**DATASET**

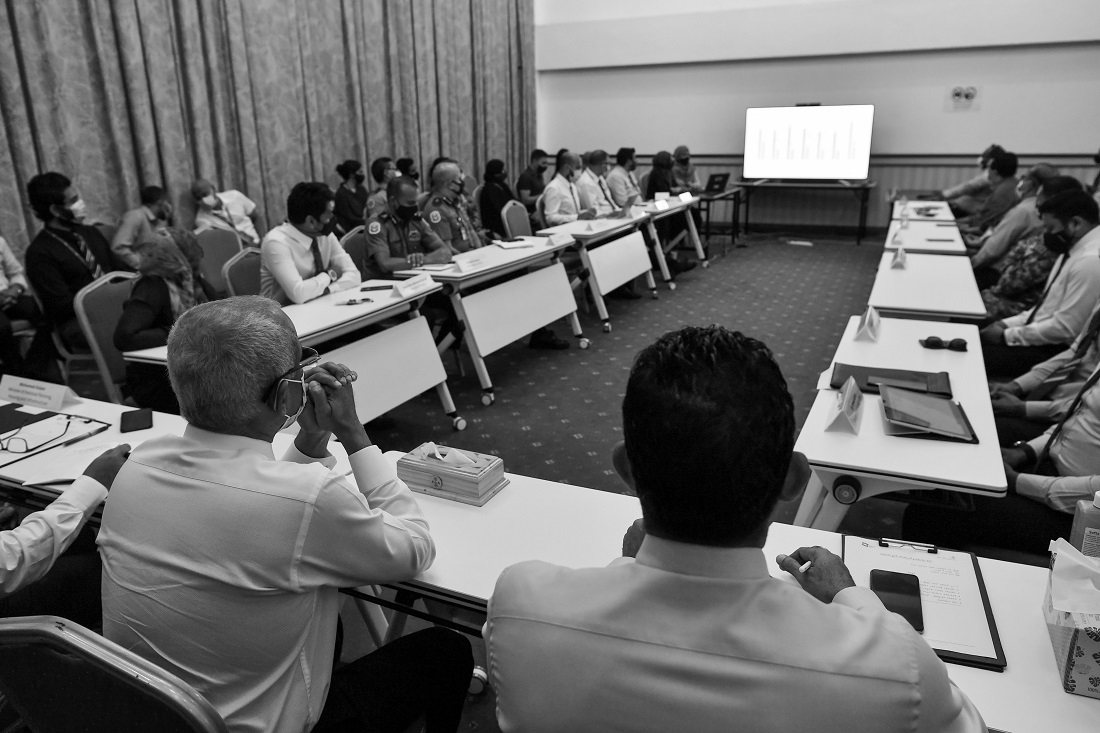 މި ޒިޔާރަތުގައި އެޗް.އީ.އޯ.ސީ ގައި މިއަދު މެންދުރުކުރީގައި ބޭއްވެވި ހެލްތް އިމަރޖެންސީ ކޯޑިނޭޝަން ކޮމިޓީގެ ބައްދަލުވުމުގައި ރައީސުލްޖުމްހޫރިއްޔާ ބައިވެރިވެ ވަޑައިގެންނެވިއެވެ. މިއީ، ރައީސުލްޖުމްހޫރިއްޔާގެ ނައިބު ފައިޞަލް ނަސީމް ރިޔާސަތު ބަލަހައްޓަވާ ބައްދަލުކުރެއްވުމެކެވެ.
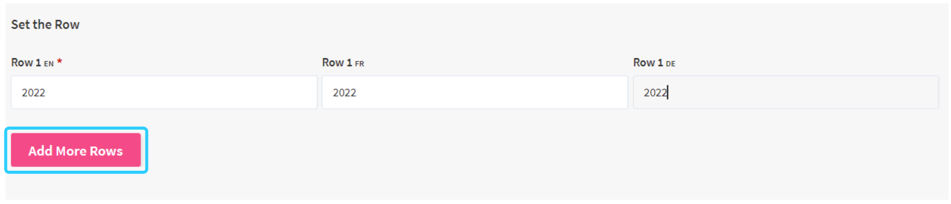 If the type of table is a Normal Table or Dynamic Table, new rows and columns can be added or removed via the respective Add More Rows/Columns and Remove Row/Column buttons in the table configuration. For Dynamic Tables, adding rows or columns is also possible via the respective buttons on the overview page of an element.
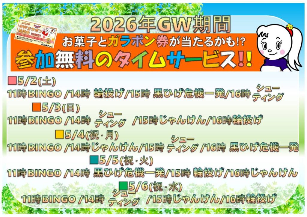 ■ガラポン参加券も当たる!? 参加無料のタイムサービス1日4回開催!!
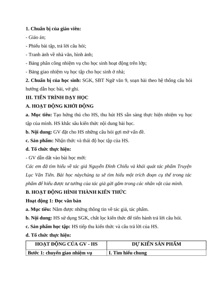2. Chuẩn bị của học sinh: SGK, SBT Ngữ văn 9, soạn bài theo hệ thống câu hỏi
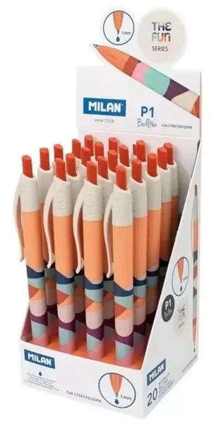 Prezentujemy komplet składający się z 20 niebieskich długopisów P1 The Fun produkowanych przez MILAN.
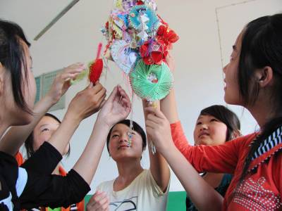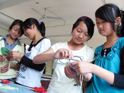 2010年6月12日,湖北郧县刘洞中学学生正用五彩线和彩色布制作各式香囊,以迎接端午节的到来。端午节,当地最讲究的是戴香囊、送香囊。香囊也可挂床头、驱祟避疫、祈福迎祥。此次活动的开展旨在增强学生民族意识,传承民族传统文化,培养动手操作能力。
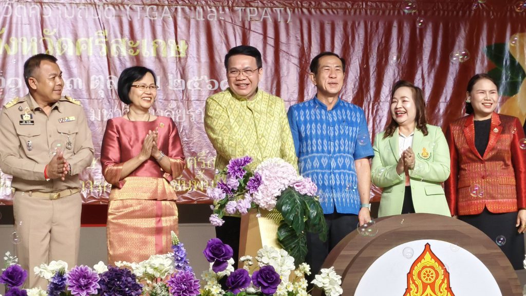 เมื่อวันที่ 20 ตุลาคม 2568 ที่หอประชุม มหาวิทยาลัยราชภัฏศรีสะเกษ ดร.พิเชฐ โพธิ์กักดี เลขาธิการคณะกรรมการการศึกษาขั้นพื้นฐาน เป็นประธานเปิดกิจกรรม “KICK OFF รินน้ำใจ เติมความรู้ สู่น้อง 4 จังหวัด ในระหว่างวันที่ 20 – 23 ตุลาคม 2568 โดยมีนางสาวรัตนา แสงบัวเผื่อน ที่ปรึกษาด้านพัฒนากระบวนการเรียนรู้ปฏิบัติหน้าที่ ผอ.สำนักบริหารการมัธยมศึกษา ดร.รัตติกร ทองเนตร ผอ.สำนักบริหารการมัธยมศึกษา และนายพนัส จันทร์คำ หัวหน้าสำนักงานจังหวัดศรีสะเกษ นำช้าราชการครูและนักเรียนมัธยมศึกษาชั้นปีที่ 6 จาก สพม.ศรีสะเกษ ยโสธร สพม.สุรินทร์ สพม.บุรีรัมย์ และ สพม.อุบลราชธานี อำนาจเจริญ เข้าร่วมโครงการประมาณ 4,000 คน ทั้งนี้เพื่อเป็นการส่งเสริมการเตรียมความพร้อมสำหรับการสอบวัดความถนัด (TGAT และ TPAT) เพื่อเข้าศึกษาต่อในระดับอุดมศึกษาต่อไป
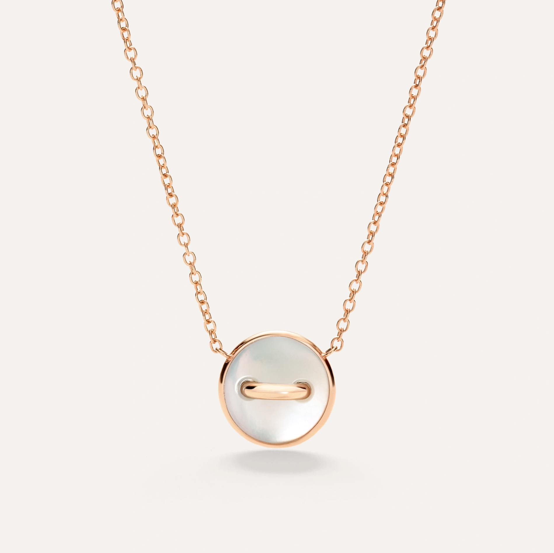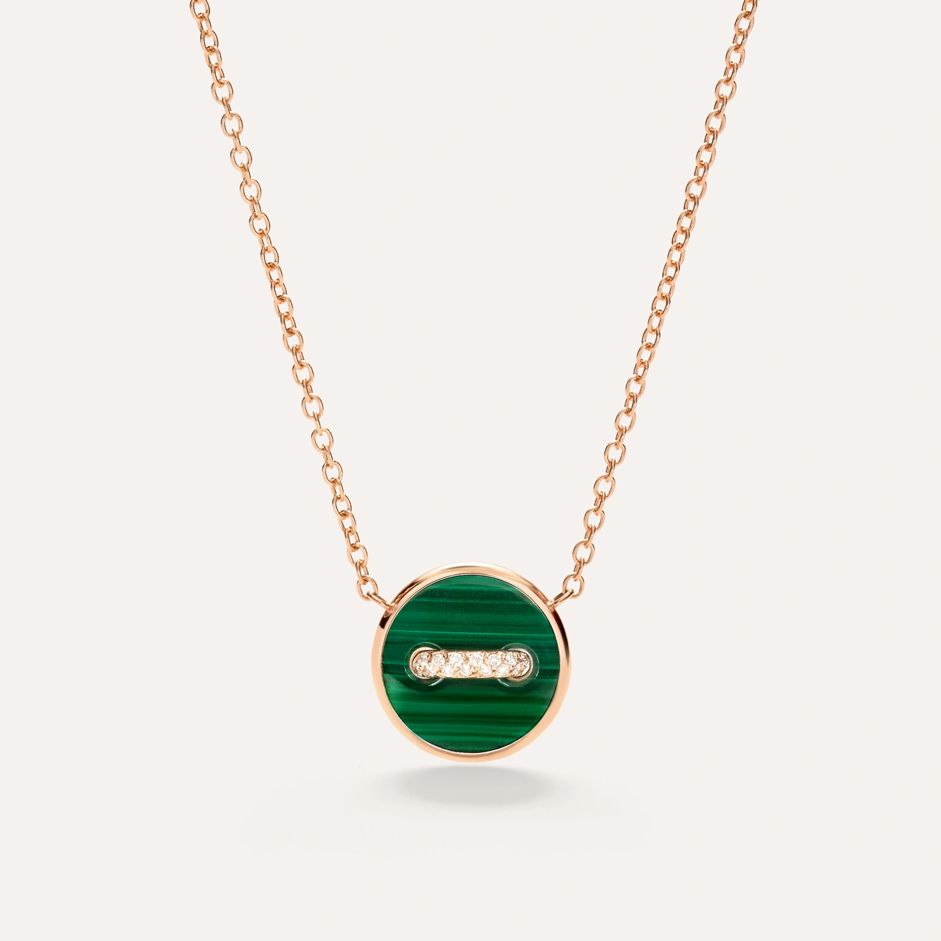 A Pomellato malachite and mother-of-pearl Pom Pom Dot reversible necklace with accent diamonds, set in 18K rose gold. Made in Italy.

**EXERCISE BRIEF**
In the listing above, find the line with "If the type" and the line with "เมื่อวันที่ 20 ตุลาคม". Copy exactly those two and every line between, without the pictures.

**SOLUTION TO THIS TASK**
 If the type of table is a Normal Table or Dynamic Table, new rows and columns can be added or removed via the respective Add More Rows/Columns and Remove Row/Column buttons in the table configuration. For Dynamic Tables, adding rows or columns is also possible via the respective buttons on the overview page of an element.
 ■ガラポン参加券も当たる!? 参加無料のタイムサービス1日4回開催!!
2. Chuẩn bị của học sinh: SGK, SBT Ngữ văn 9, soạn bài theo hệ thống câu hỏi
 Prezentujemy komplet składający się z 20 niebieskich długopisów P1 The Fun produkowanych przez MILAN.
 2010年6月12日,湖北郧县刘洞中学学生正用五彩线和彩色布制作各式香囊,以迎接端午节的到来。端午节,当地最讲究的是戴香囊、送香囊。香囊也可挂床头、驱祟避疫、祈福迎祥。此次活动的开展旨在增强学生民族意识,传承民族传统文化,培养动手操作能力。
 เมื่อวันที่ 20 ตุลาคม 2568 ที่หอประชุม มหาวิทยาลัยราชภัฏศรีสะเกษ ดร.พิเชฐ โพธิ์กักดี เลขาธิการคณะกรรมการการศึกษาขั้นพื้นฐาน เป็นประธานเปิดกิจกรรม “KICK OFF รินน้ำใจ เติมความรู้ สู่น้อง 4 จังหวัด ในระหว่างวันที่ 20 – 23 ตุลาคม 2568 โดยมีนางสาวรัตนา แสงบัวเผื่อน ที่ปรึกษาด้านพัฒนากระบวนการเรียนรู้ปฏิบัติหน้าที่ ผอ.สำนักบริหารการมัธยมศึกษา ดร.รัตติกร ทองเนตร ผอ.สำนักบริหารการมัธยมศึกษา และนายพนัส จันทร์คำ หัวหน้าสำนักงานจังหวัดศรีสะเกษ นำช้าราชการครูและนักเรียนมัธยมศึกษาชั้นปีที่ 6 จาก สพม.ศรีสะเกษ ยโสธร สพม.สุรินทร์ สพม.บุรีรัมย์ และ สพม.อุบลราชธานี อำนาจเจริญ เข้าร่วมโครงการประมาณ 4,000 คน ทั้งนี้เพื่อเป็นการส่งเสริมการเตรียมความพร้อมสำหรับการสอบวัดความถนัด (TGAT และ TPAT) เพื่อเข้าศึกษาต่อในระดับอุดมศึกษาต่อไป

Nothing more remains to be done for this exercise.